Prompt >>
Pictures aside, repeat the listing below exactly.

[Recorded data Boundary: Start]

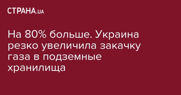 С начала августа в подземные хранилища Украины закачено свыше 593 миллиона кубометров газа. Запасы "голубого топлива" в подземных хранилищах (ПХГ) увеличились на 80,6%, или на 5 994,02 млн куб. м. В общем они составляют 13 432,19 млн куб. м.
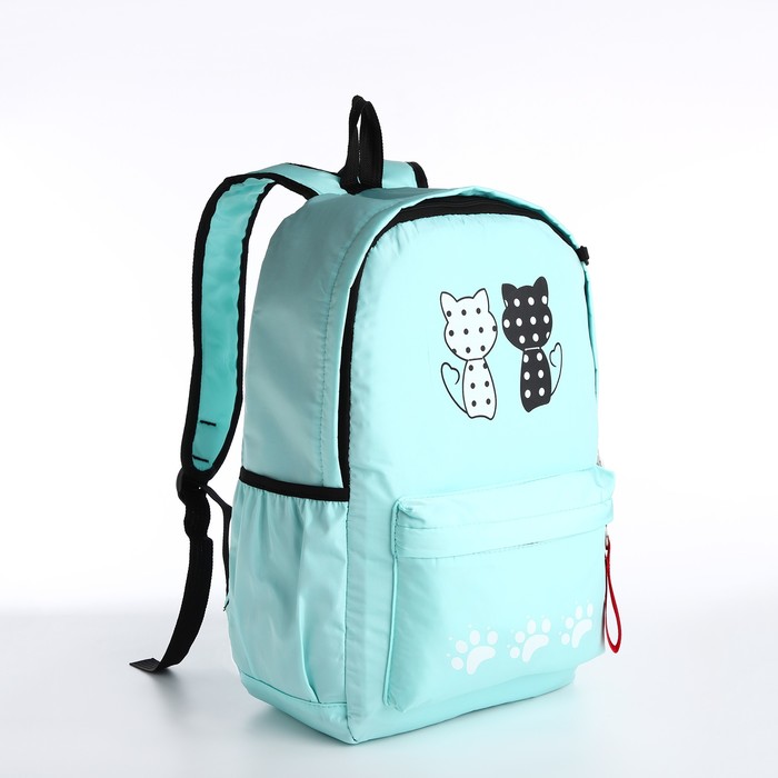 Youth backpack from textiles, 3 pockets, wallet, mint color
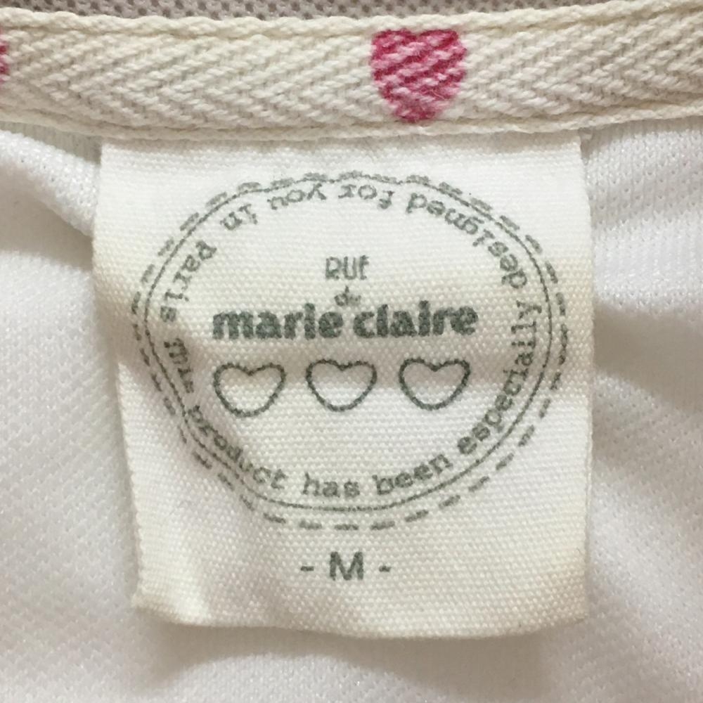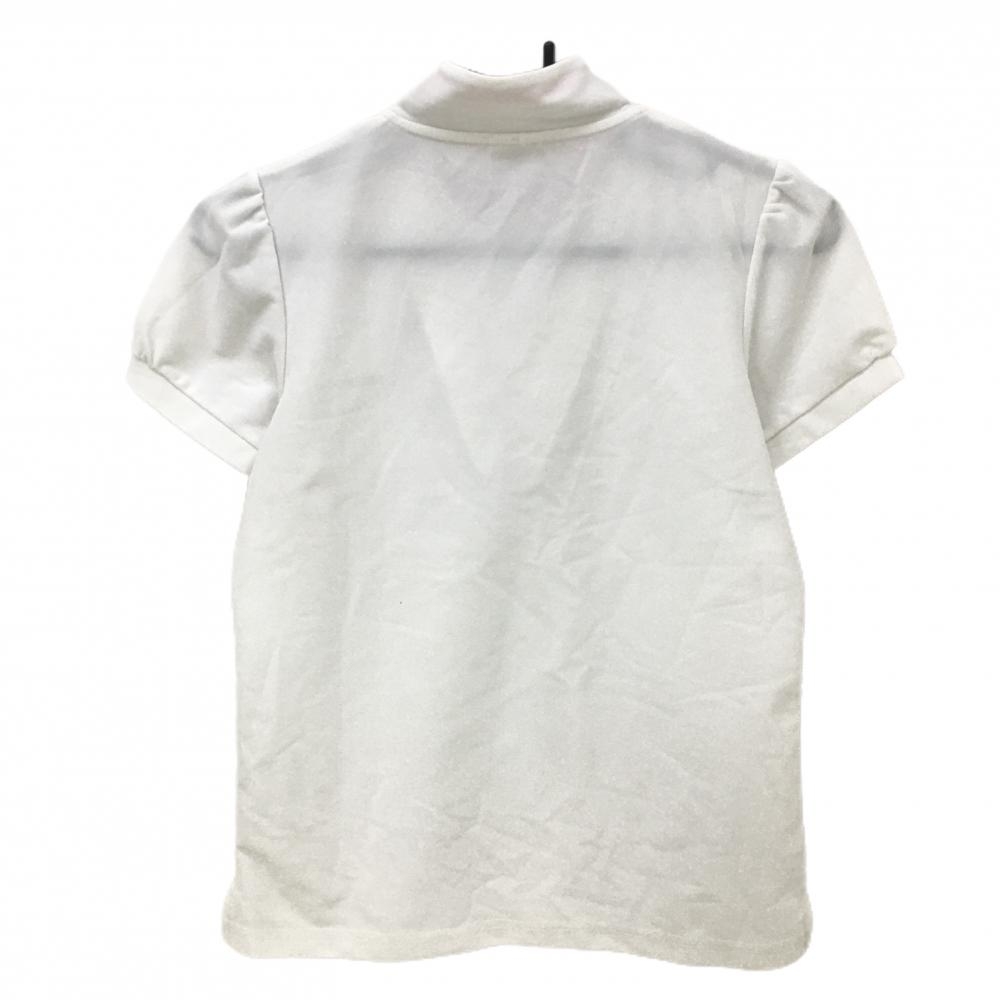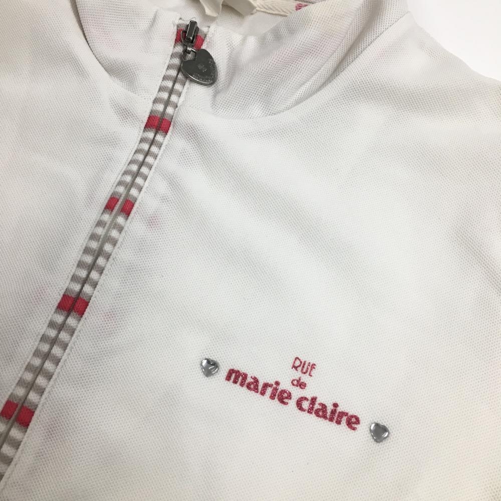 【美品】マリクレール 半袖ハイネックシャツ 白×ピンク 一部ボーダー柄 ロゴプリント レディース M ゴルフウェア marie claire
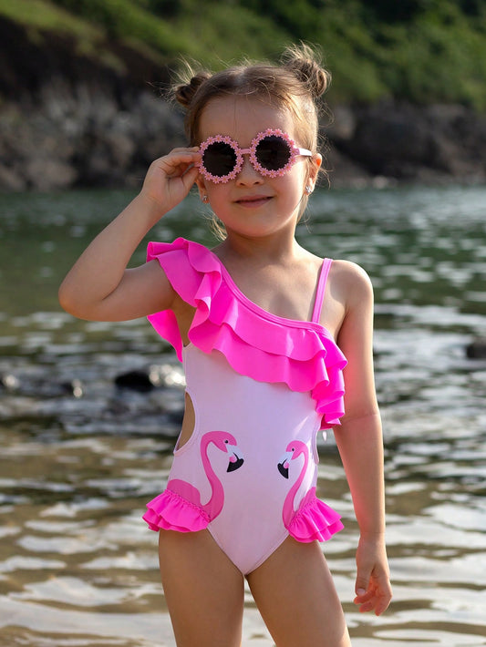Traje De Baño De Una Pieza Para Niña Con Impresión De Flamenco Y Volantes De Bloques De Colores Con Cubierta De Juego

[Recorded data Boundary: End]

Exercise answer >>
 С начала августа в подземные хранилища Украины закачено свыше 593 миллиона кубометров газа. Запасы "голубого топлива" в подземных хранилищах (ПХГ) увеличились на 80,6%, или на 5 994,02 млн куб. м. В общем они составляют 13 432,19 млн куб. м.
 Youth backpack from textiles, 3 pockets, wallet, mint color
 【美品】マリクレール 半袖ハイネックシャツ 白×ピンク 一部ボーダー柄 ロゴプリント レディース M ゴルフウェア marie claire
Traje De Baño De Una Pieza Para Niña Con Impresión De Flamenco Y Volantes De Bloques De Colores Con Cubierta De Juego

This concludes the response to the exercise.